Thomas told GenomeWeb that the company is currently considering various mechanisms for making the software available on the cloud. Initially Noblis will offer web-based access to software running on its own internal supercomputing infrastructure. Over time, it will move customers to its own private cloud with the intent of possibly moving the tool out to a commercial cloud vendor at a later date, Thomas said. The company has not selected a vendor at this time.

Besides the cloud version, Noblis is also working with hardware vendors to possibly release a BioVelocity appliance by the end of the summer, Thomas said. The company is also still discussing an appropriate pricing strategy for a commercial version of BioVelocity.

The planned software will offer the same capabilities as Noblis' internal system but will feature a more user-friendly interface, as opposed to the command line interface it uses internally. The company has given some of its government and academic partners access to the commercial tool and the opportunity to test it for themselves, but a lot still needs to be done in terms of getting different kinds of users to test the system, Thomas said. "I'm anticipating that once this rolls out into the market there'll be a series of updates that improve the user interface and those types of things."

When BioVelocity goes to market, it will have to compete with offerings from companies such as OneCodex, a San-Francisco-based startup that is working to commercialize a similar system for identifying pathogens from NGS data.
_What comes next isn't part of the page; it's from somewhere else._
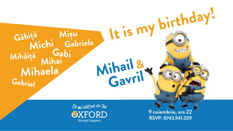 Dacă te numești Mihai, Mihaela, Michi, Mișa, Mihăiță, Misu, Mihnea, Gabriel, Gabi, Găbița, Gabriela si nu numai.. ➡ nu mai sta pe gânduri și hai vineri, 9 noiembrie ora 22:00 la cea mai hazlie si distractiva petrecere în Oxford Pub.
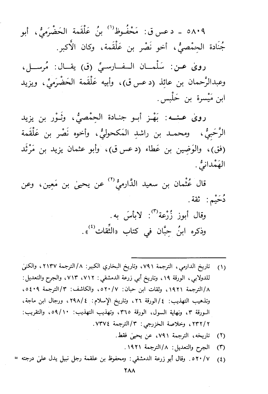 (4) 7 / 520. وَقَال أبو زُرْعَة الدمشقي: ومحفوظ ابن علقمة رجل نبيل يدل على درجته =

What sets BioVelocity apart from the competition, according to Thomas, is its ability to build a reference database tailored to the analyses in question in a matter of minutes. In contrast, other systems can take days to build up the index needed for the alignment step.

Another advantage of the system is that as each sequence in an input sample is analyzed, users can add them to the reference database and compare them to other sequences within the same sample, he added.

Noblis is also working on a second genomics-centric application focused on data transfer, Thomas said, but he declined to provide details about that particular offering at this time.